Along with noise reduction at images, video noise cancelling is an actual problem. But unlike images, it is difficult to get aligned frames to build clean samples for subsequent training of neural networks. In this paper, we propose using noise maps predictable by the neural network to obtain noisy samples from clear video frames.

Since there are currently no aligned datasets for the video noise reduction problem, researchers need to apply noise to video frames. For example, the authors of approaches [1], [2], add Gaussian noise with different sigma parameters to output images to train their models. But this approach has a significant weakness. When applying noise to the input image, the physical properties of the CMOS camera sensor are not taken into account. For example, overexposed regions of an image should not contain noise. And regions which close to overexposed should contain a low level of noise. The author of the work “Saturation (Imaging)” [3] refers to these points.

Since more advanced architectures for image denoising have already been developed, we have replaced the classic UNet with an architecture called Uformer [3], because it showed state-of-the-art results. Moreover, the Uformer [3] model is based on the vision transformers architecture. It provides to this model to extract the spatial and local features from the input image to build attention maps.

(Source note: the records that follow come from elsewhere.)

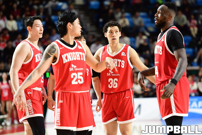 [점프볼=잠실학생/박상혁 기자] 6일 잠실학생체육관에서 열린 2025-2026 LG전자 프로농구 서울 SK와 서울 삼성의 S더비 경기, SK 선수들이 경기 중 모여서 대화를 나누고 있다.
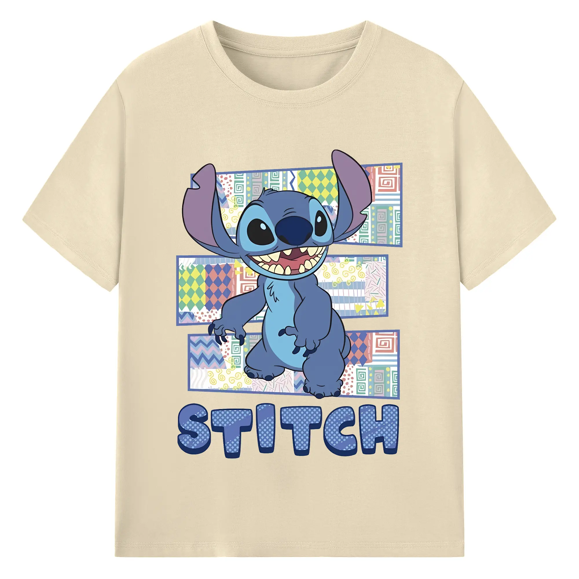 リロ&スティッチ グッズ スティッチ - 綿100% ヴィンテージ風 半袖Tシャツ ・ フロントプリント ・ 柔らか肌触り ・ 通気性 快適 ・ スポーツ カジュアル 外出用
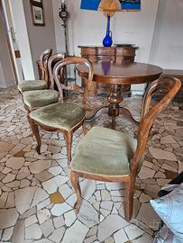Tavolo rotondo in legno anni '70 con 4 sedie
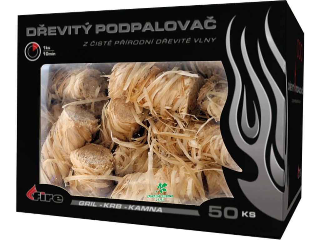 Fire dřevitý podpalovač 50 ks x 58 mm - tento podpalovač na bázi dřevěných hoblin má vynikající podpalovací schopnosti a je vhodný k podpálení různých druhů materiálů, bez potřeby papíru nebo třísek. Jeho síla je především v době hoření, kdy jeden smotek hoří až 10 minut. Během této doby mu neodolá téměř žádný materiál, který by nepodpálil. Baleny jsou jednotlivé smotky do krabičky po 50 ks a zabaleny smršťovací fólií. Je vhodný pro zatápění v krbech, kamnech, zahradních grilech, ale i otevřených ohništích.
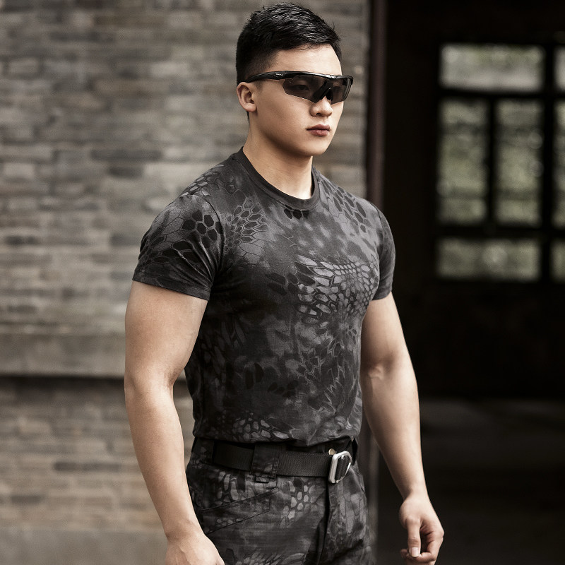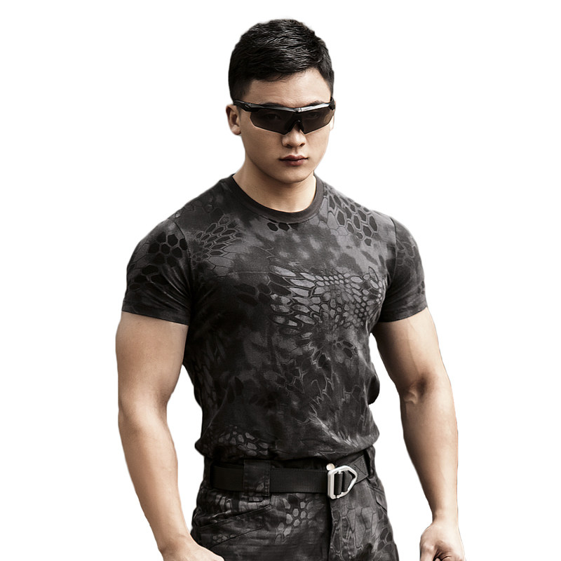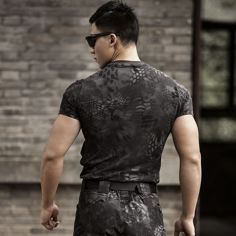 Outdoor python camouflage tactics short sleeve men's special forces crew neck cotton trim tight T-shirt breathable camouflage clothing summer

With these attention maps, it is possible to forecast relationships between image regions. And it is an excellent feature to forecast noise maps.

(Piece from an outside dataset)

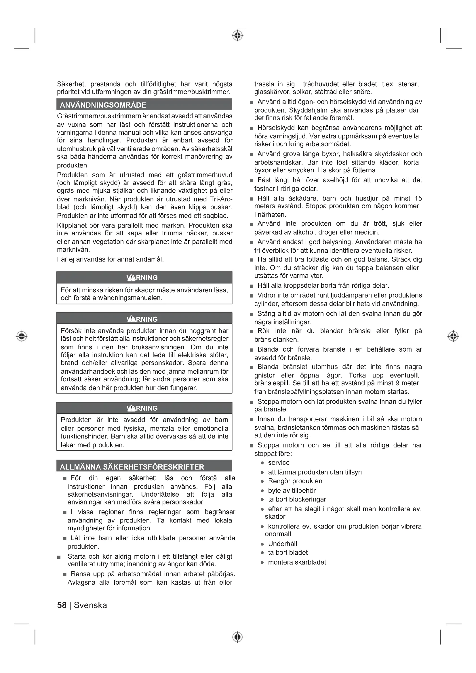 ■ För din egen säkerhet: läs och förstå alla instruktioner innan produkten används. Följ alla säkerhetsanvisningar. Underlåtelse att följa alla anvisningar kan medföra svåra personskador. ■ I vissa regioner finns regleringar som begränsar användning av produkten. Ta kontakt med lokala myndigheter för information. ■ Låt inte barn eller icke utbildade personer använda produkten. ■ Starta och kör aldrig motorn i ett tillstängt eller dåligt ventilerat utrymme; inandning av ångor kan döda. ■ Rensa upp på arbetsområdet innan arbetet påbörjas. Avlägsna alla föremål som kan kastas ut från eller trassla in sig i trådhuvudet eller bladet, t.ex. stenar, glasskärvor, spikar, ståltråd eller snöre. ■ Använd alltid ögon- och hörselskydd vid användning av produkten. Skyddshjälm ska användas på platser där det finns risk för fallande föremål. ■ Hörselskydd kan begränsa användarens möjlighet att höra varningsljud. Var extra uppmärksam på eventuella risker i och kring arbetsområdet. ■ Använd grova långa byxor, halksäkra skyddsskor och arbetshandskar. Bär inte löst sittande kläder, korta byxor eller smycken. Ha skor på fötterna. ■ Fäst långt hår över axelhöjd för att undvika att det fastnar i rörliga delar. ■ Håll alla åskådare, barn och husdjur på minst 15 meters avstånd. Stoppa produkten om någon kommer i närheten. ■ Använd inte produkten om du är trött, sjuk eller påverkad av alkohol, droger eller medicin. ■ Använd endast i god belysning. Användaren måste ha fri överblick för att kunna identifiera eventuella risker. ■ Ha alltid ett bra fotfäste och en god balans. Sträck dig inte. Om du sträcker dig kan du tappa balansen eller utsättas för varma ytor. ■ Håll alla kroppsdelar borta från rörliga delar. ■ Vidrör inte området runt ljuddämparen eller produktens cylinder, eftersom dessa delar blir heta vid användning. ■ Stäng alltid av motorn och låt den svalna innan du gör några inställningar. ■ Rök inte när du blandar bränsle eller fyller på bränsletanken. ■ Blanda och förvara bränsle i en behållare som är avsedd för bränsle. ■ Blanda bränslet utomhus där det inte finns några gnistor eller öppna lågor. Torka upp eventuellt bränslespill. Se till att ha ett avstånd på minst 9 meter från bränslepåfyllningsplatsen innan motorn startas. ■ Stoppa motorn och låt produkten svalna innan du fyller på bränsle. ■ Innan du transporterar maskinen i bil så ska motorn svalna, bränsletanken tömmas och maskinen fästas så att den inte rör sig. ■ Stoppa motorn och se till att alla rörliga delar har stoppat före: ● service ● att lämna produkten utan tillsyn ● Rengör produkten ● byte av tillbehör ● ta bort blockeringar ● efter att ha slagit i något skall man kontrollera ev. skador ● kontrollera ev. skador om produkten börjar vibrera onormalt ● Underhåll ● ta bort bladet ● montera skärbladet59Svenska |

We trained the Uformer model from scratch on the SIDD dataset [2]. Training pipeline based on the DANet approach. This model trained for 42 epochs. It achieved a PSNR value is 39.4 on the SIDD dataset validation set. The original model by the author demonstrates the results of PSNR is 39.3. Moreover, as we can see from the illustration, the Uformer model result is closer to the real noise distribution than the Gaussian distribution.

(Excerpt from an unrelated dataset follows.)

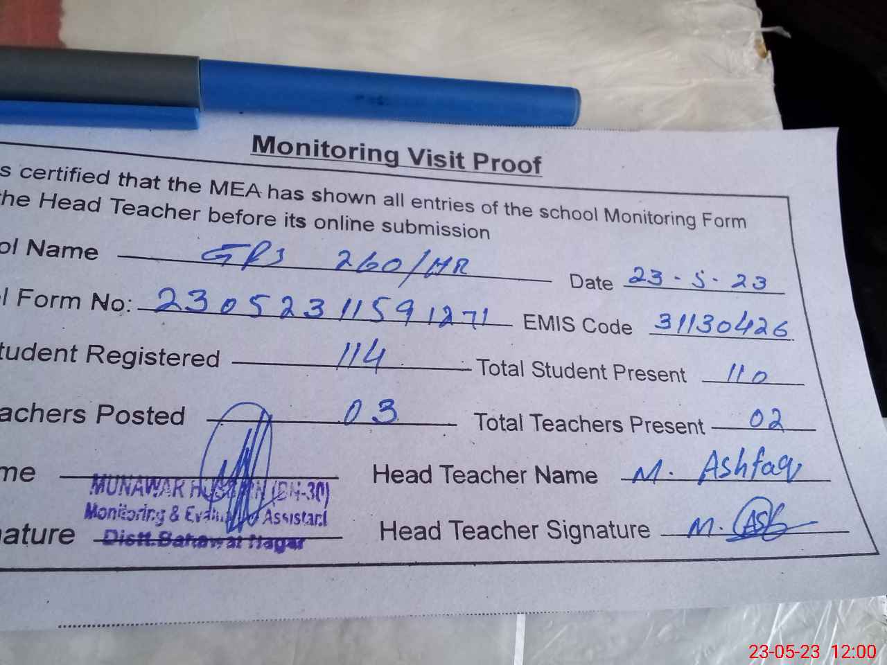 | Attendance Register | Head Teacher | MEA with School | Visit Proof |

1. Tassano Matias, Delon Julie, Veit Thomas. FastDVDnet: Towards Real-Time Deep Video Denoising Without Flow Estimation // Proceedings ofthe IEEE/CVF Conference on Computer Vision and Pattern Recognition(CVPR). — 2020. — June.р.

2. Claus Michele, Gemert Jan. ViDeNN: Deep Blind Video Denois-ing. — 2019. — 06. — P. 1843–1852.

3. Hasinoff Samuel W. Saturation (Imaging) // Computer Vision, A Refer-ence Guide. — 2014.

4. Yue Zongsheng, Zhao Qian, Zhang Lei, andMeng Deyu. Dual Adversarial Network: Toward Real-world Noise Removal and Noise Generation // Proceedings of the European Conference on ComputerVision (ECCV). — 2020. — August.

5. Wang Zhendong, Cun Xiaodong, Bao Jianmin, and Liu Jianzhuang. Uformer: A General U-Shaped Transformer for Image Restoration // CoRR. — 2021. — Vol. abs/2106.03106. — arXiv :2106.03106.

6. Timofte Radu, Brown Michael S. NTIRE 2019 Challenge on Real Image Denoising: Methods // The IEEE/CVF Conference on Computer Vision and Pattern RecognitionWorkshops (CVPRW). — 2019. — June.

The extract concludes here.